Records provided |
----------------
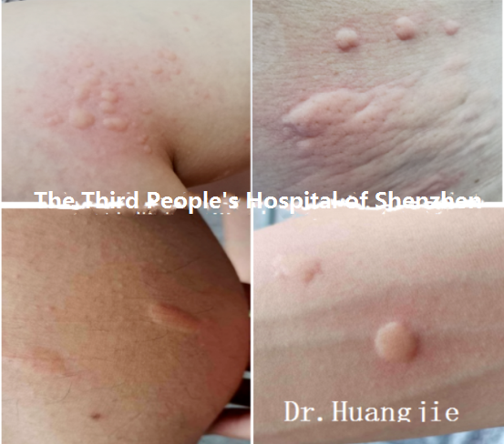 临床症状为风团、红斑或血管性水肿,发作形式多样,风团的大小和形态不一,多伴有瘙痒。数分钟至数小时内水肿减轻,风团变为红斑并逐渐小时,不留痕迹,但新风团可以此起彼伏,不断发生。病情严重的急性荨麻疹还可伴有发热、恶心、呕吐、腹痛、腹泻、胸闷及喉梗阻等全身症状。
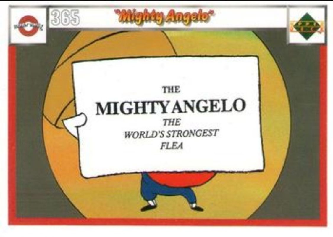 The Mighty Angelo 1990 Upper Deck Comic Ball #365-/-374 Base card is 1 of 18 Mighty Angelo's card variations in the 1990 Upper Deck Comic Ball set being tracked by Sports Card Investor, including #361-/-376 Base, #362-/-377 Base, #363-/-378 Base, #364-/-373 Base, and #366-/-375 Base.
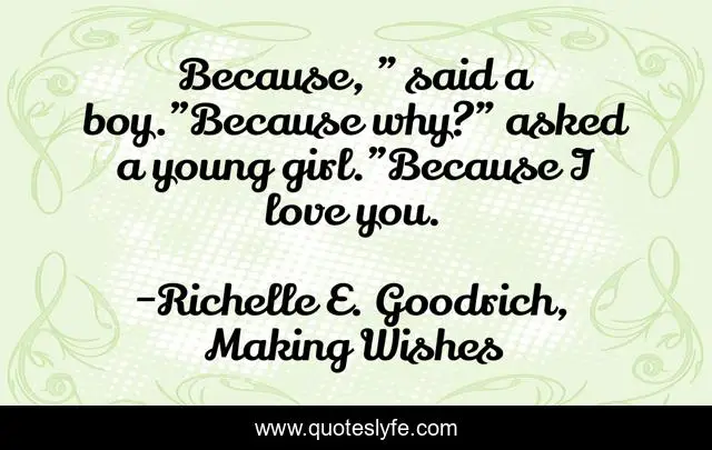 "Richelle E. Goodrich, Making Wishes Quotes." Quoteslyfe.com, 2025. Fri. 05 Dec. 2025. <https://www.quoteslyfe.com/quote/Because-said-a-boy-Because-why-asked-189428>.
----------------
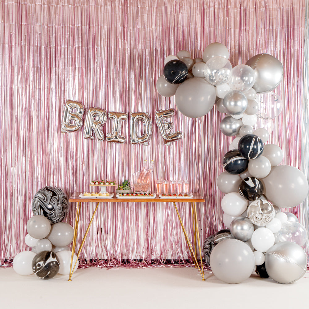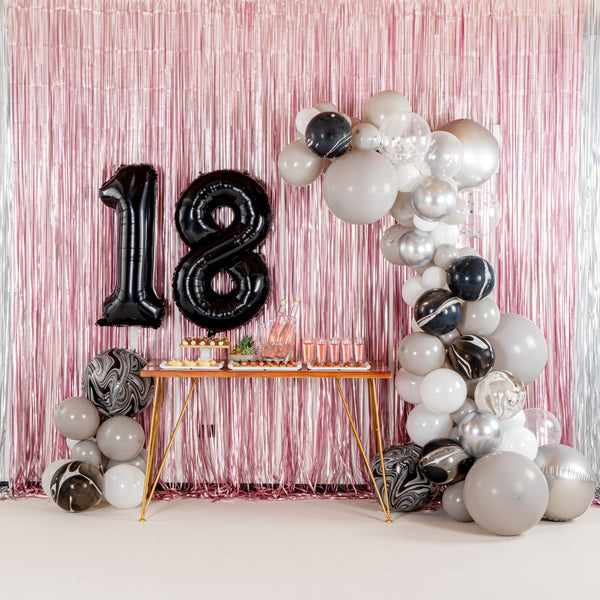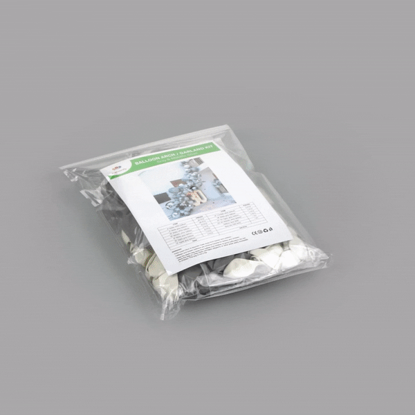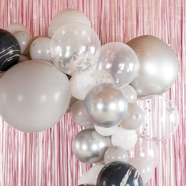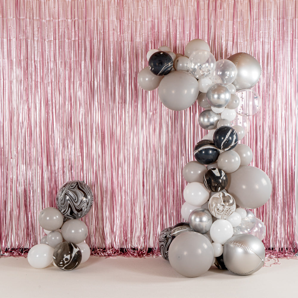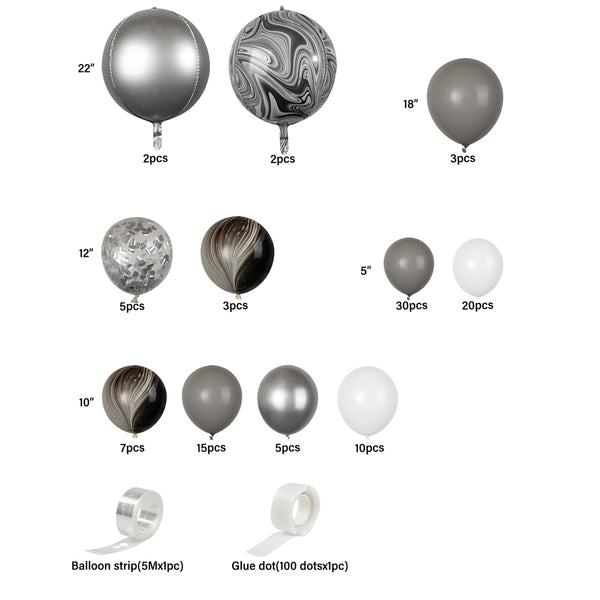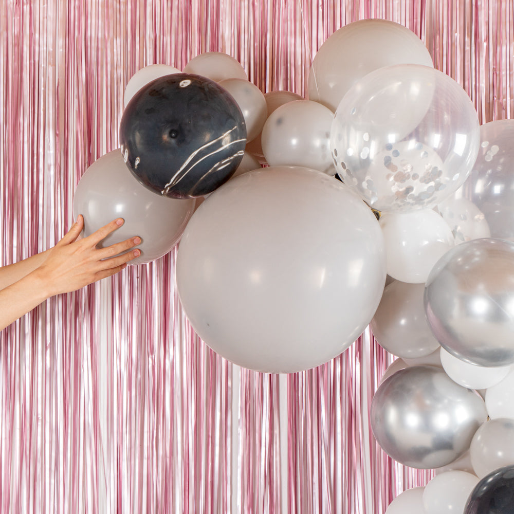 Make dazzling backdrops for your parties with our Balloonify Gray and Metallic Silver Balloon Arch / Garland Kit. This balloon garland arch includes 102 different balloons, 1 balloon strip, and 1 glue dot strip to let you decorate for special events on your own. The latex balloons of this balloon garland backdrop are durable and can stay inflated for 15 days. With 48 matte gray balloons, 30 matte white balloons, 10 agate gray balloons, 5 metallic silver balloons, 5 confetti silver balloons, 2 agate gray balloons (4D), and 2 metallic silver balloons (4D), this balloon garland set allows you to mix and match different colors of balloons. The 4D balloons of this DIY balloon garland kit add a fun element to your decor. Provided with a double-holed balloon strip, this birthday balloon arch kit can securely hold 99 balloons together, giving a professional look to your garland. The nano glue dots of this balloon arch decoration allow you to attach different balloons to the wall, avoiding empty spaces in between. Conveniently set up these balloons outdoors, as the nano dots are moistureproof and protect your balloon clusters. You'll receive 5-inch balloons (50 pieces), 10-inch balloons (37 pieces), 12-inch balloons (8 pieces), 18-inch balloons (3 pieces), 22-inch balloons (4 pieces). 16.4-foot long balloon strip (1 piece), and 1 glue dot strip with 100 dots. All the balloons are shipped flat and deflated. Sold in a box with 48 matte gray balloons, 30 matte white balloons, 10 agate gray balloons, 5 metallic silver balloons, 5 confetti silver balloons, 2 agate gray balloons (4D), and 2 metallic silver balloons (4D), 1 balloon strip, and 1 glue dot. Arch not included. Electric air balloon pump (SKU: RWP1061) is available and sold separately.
----------------
Description of the task |
Copy exactly the material above from the line with "临床症状为风团、红斑或血管性" to the line with "E. Goodrich, Making", ends included, and nothing else. Leave out any picture.

Worked solution |
 临床症状为风团、红斑或血管性水肿,发作形式多样,风团的大小和形态不一,多伴有瘙痒。数分钟至数小时内水肿减轻,风团变为红斑并逐渐小时,不留痕迹,但新风团可以此起彼伏,不断发生。病情严重的急性荨麻疹还可伴有发热、恶心、呕吐、腹痛、腹泻、胸闷及喉梗阻等全身症状。
 The Mighty Angelo 1990 Upper Deck Comic Ball #365-/-374 Base card is 1 of 18 Mighty Angelo's card variations in the 1990 Upper Deck Comic Ball set being tracked by Sports Card Investor, including #361-/-376 Base, #362-/-377 Base, #363-/-378 Base, #364-/-373 Base, and #366-/-375 Base.
 "Richelle E. Goodrich, Making Wishes Quotes." Quoteslyfe.com, 2025. Fri. 05 Dec. 2025. <https://www.quoteslyfe.com/quote/Because-said-a-boy-Because-why-asked-189428>.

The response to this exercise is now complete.